Lobby Group Says $100 Billion Fintech Race In Asia Hobbling Due To Hong Kong, Singapore Rivalry
A financial lobby group has warned that the rivalry among the region's financial centers that has created regulatory complexity and uncertainty, is undermining Asia's competitiveness in fintech.
The Asia Securities Industry and Financial Markets Association (ASIFMA) said in a report on Friday, noted that the regulatory hotch-potch is making it tough for firms to scale up even as governments across Asia - most notably Hong Kong and Singapore - have launched a raft of initiatives to grab a slice of the $100 billion invested in fintech globally.
"The regulatory landscape is very fragmented and a lot of the initiatives, though well-intentioned, are not necessarily well thought through," said Mark Austen, CEO of ASIFMA.
A call on Asian regulators to coordinate better and to adopt a consistent set of best practices for fostering fintech in the region, was given by the lobby group, which represents global banks and asset managers such as Goldman Sachs and BlackRock.
"By not cooperating on fintech, Asian financial centers are putting themselves at a real disadvantage relative to the rest of the world: that traditional competitive dynamic and rivalry between the likes of Hong Kong and Singapore may actually in this case be a disadvantage," said Hannah Cassidy, partner at Herbert Smith Freehills in Hong Kong, which contributed to the report.
According to a February report by global regulatory body the International Organization of Securities Commissions(IOSCO), thousands of fintech start-ups continue to proliferate, as investors poured $19 billion worldwide into fintech - including P2P lenders, distributed ledger technology and crowdfunding platforms - in 2016 alone.
From incubators and grants, to temporary license waiver schemes, with competition fiercest between rivals Hong Kong and Singapore, a range of special programs to attract and foster fintech ventures have been launched by Hong Kong, Singapore, Australia, Japan, South Korea and Malaysia.
Regulators are still struggling to establish clear and consistent regimes for fintech firms because they often operate innovative business models even while all these markets operate well-defined licensing and supervisory regimes for traditional financial firms including banks, brokers, insurance companies and funds.

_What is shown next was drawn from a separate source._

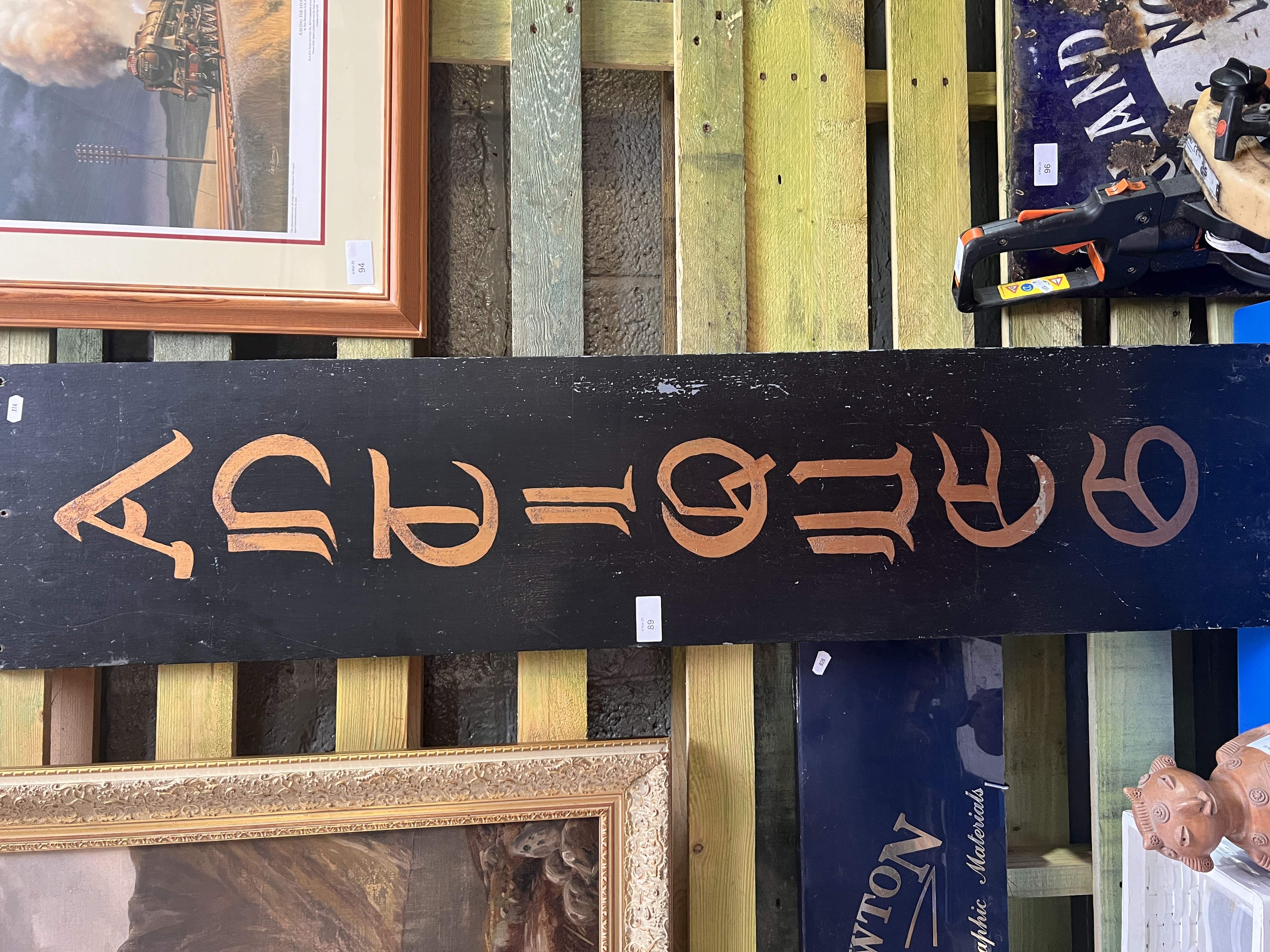 A vintage hand-painted wooden sign for antiques

For example, while cryptocurrency exchanges are licensed as online shopping malls, akin to clothes retailers, in South Korea, they are licensed as money changers and regulated by the customs authority in Hong Kong.
Aurelien Menant, CEO of Hong Kong bitcoin exchange said that  this makes it very expensive for fintech firms based in places with small domestic markets like Hong Kong, Singapore and Australia to expand into the broader region.
"This is a very important issue for fintech firms in Asia," he said, adding he would welcome tougher standardized rules for alternative currency exchanges across the region.
in markets like Hong Kong, some aspiring fintech firms have struggled to gain licenses due to the lack of regulatory clarity.
"We are open to cooperation with regional and global regulators on fintech," the Hong Kong Securities and Futures Commission (SFC) said in a statement, adding it would be entering into new regulatory cooperations shortly, without elaborating.
The SFC conducts dialogue with other watchdogs through a dedicated fintech liaison officer and that it has taken a leading role in discussions around fintech within IOSCO.
There were no comments made by the Monetary Authority of Singapore.